I have /users/1
as the public user profile (show method) but I'd like to have /user_name
instead of /users/1
.
Can I accomplish that if I use devise?
Thanks
Edit:
My show controller:
# public profile page
def show
@user = User.find(params[:id])
end
Get username into URL
You can do it. Devise is just an authentication solution. Your other controllers can behave however you want them to. Here is an overview of the steps that you need to get this URL behavior.
- Ensure that
user_name
is unique for each user
- Override the User's
to_param
method to return user_name
- Change the way that you get the user from the database
This would go in your User model
class User < ActiveRecord::Base
devise :database_authenticatable, :confirmable, :validatable
validates_uniqueness_of :user_name
def to_param
user_name
end
end
Then, in your controller, do something like this:
@user = User.find_by_user_name(params[:id])
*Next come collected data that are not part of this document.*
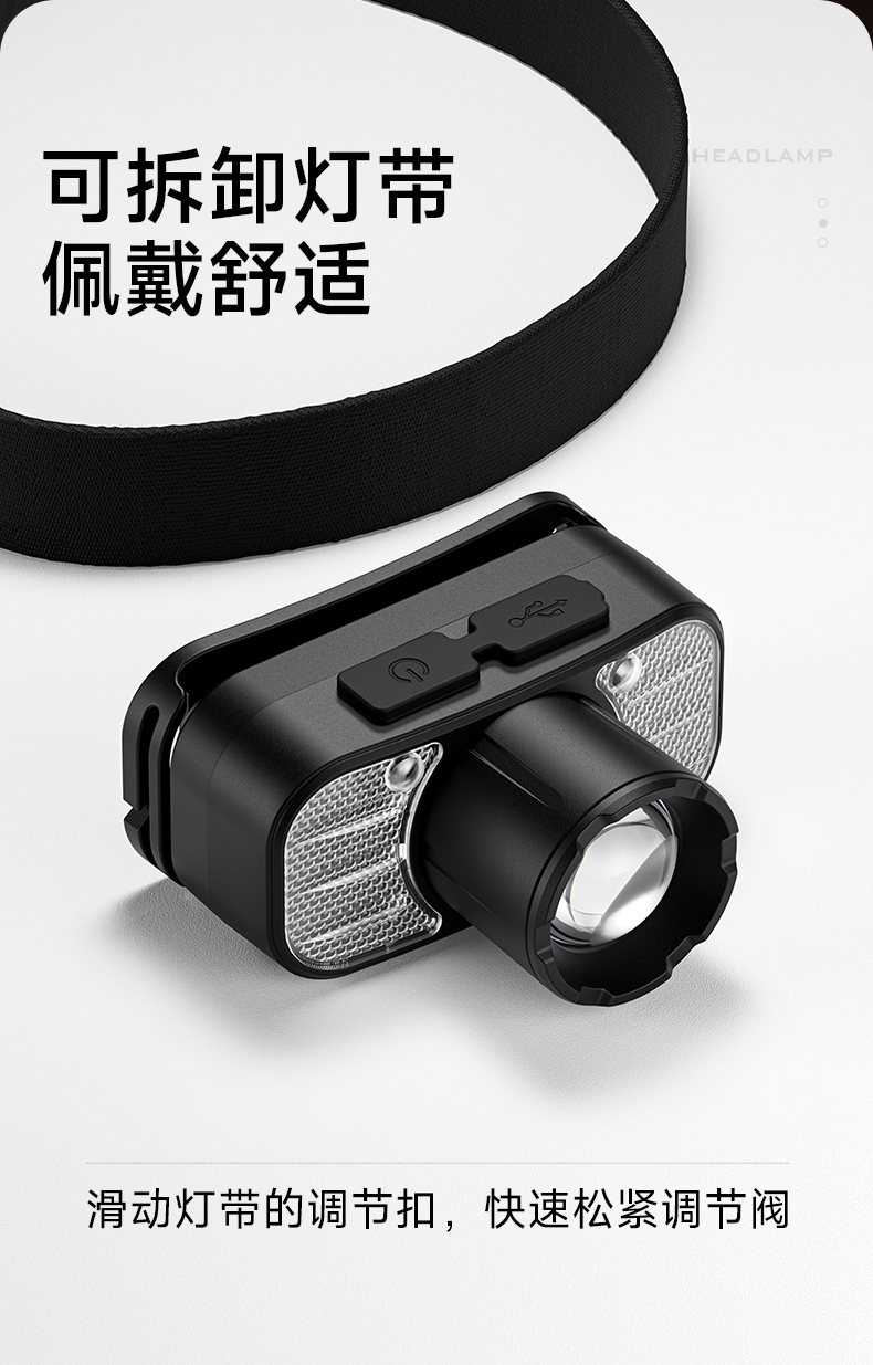6.此款头灯款式潮流、设计小巧、携带方便、头带材质柔软、可自由拆卸、便于清洗。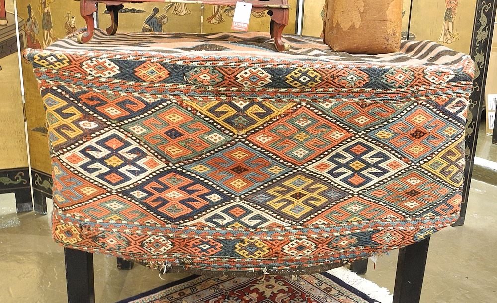 LOT 193 Caucasion (Kazak) Mefrash (Bedding Bag), Approximately 3'3" x 1'11" x 1'7". Estimate: $120 - $180 Auction Date: Tuesday, February 04 2025 at 4:00 PM
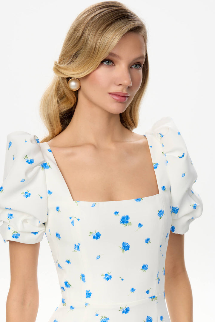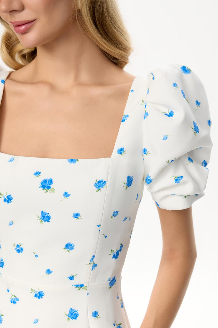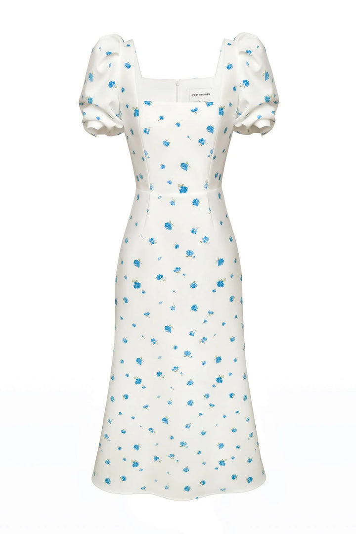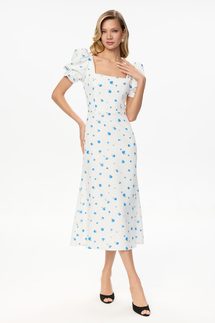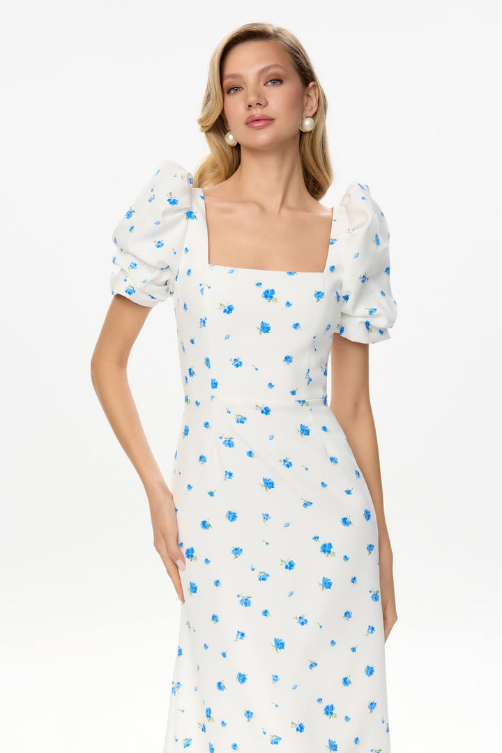 Godet Silhouette Kare Yaka Midi Elbise

Helpers like user_path(@user)
use the to_param
method to generate the URL.
Remove controller from URL
As for changing the route from /user/:id
to just /:id
. Something like this would work:
match '/:id' => 'users#show', :as => :user
Here you can use user_path
and user_url
because of the :as => :user
But you may benefit from reading these:
How can I implement vanity URL's in a Rails application?
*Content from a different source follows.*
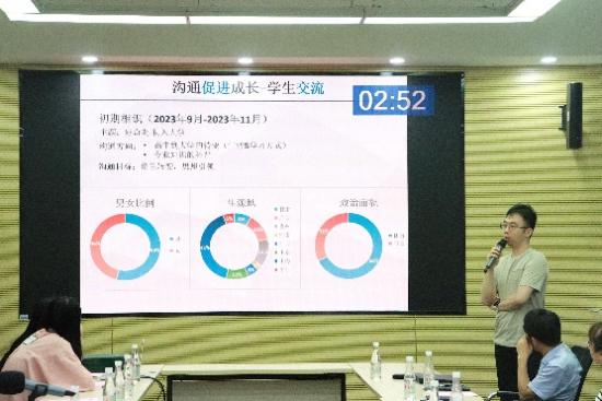 会上,前三届荣誉班导师分别就本学年开展的工作进行述职汇报。荣誉班导师们结合年级、班级特点,针对性开展党团建设、学业辅导、竞赛指导、生涯规划、心理疏导等工作,为学生解决思想、学业等问题提供帮助,促进个体和班级向上向善发展。荣誉班导师工作在青年教师和学生之间建立了一种新型纽带关系,通过拓展交流场域、丰富交流内容强化了青年教师对学生思想品德、学习生活等各方面的正向引导。

How to implement "short" nested vanity urls in rails?
There are a lot of things to think about when you do it that way.
If you want to find by either the username or the id something like this should work:
@user = User.find_by_username(params[:id]) || User.find_by_id(params[:id])
dontangg's answer is mostly right, but there are some very important things his answer is missing.
First, you absolutely should not use straight usernames for the slugs. You need to normalize them in some way and blacklist certain slugs to prevent them from colliding with your resource or action names, something that is especially important when you are using them without the resource prefix in the URL. So, as tee pointed out, the first step is using a slug generation library, and friendly_id is currently the best. Secondly, you need to add your resource names to the friendly_id slug blacklist and handle the exception thrown when an offending slug is generated. You'll generally want to have a cached_slug
attribute on the sluggable model, and you'll need to expose that in #to_param (eg, def to_param; cached_slug end
). Then you'll need to update your finders to check on the slug, eg ModelName.where(:cached_slug => params[:id]).first
Edit: also, WRT the comment on another answer that recommended using User.all
, remember that .all
should never be used on any table that has more than a handful of records. You load the whole table into memory as Ruby objects and can easily bring your server to a standstill.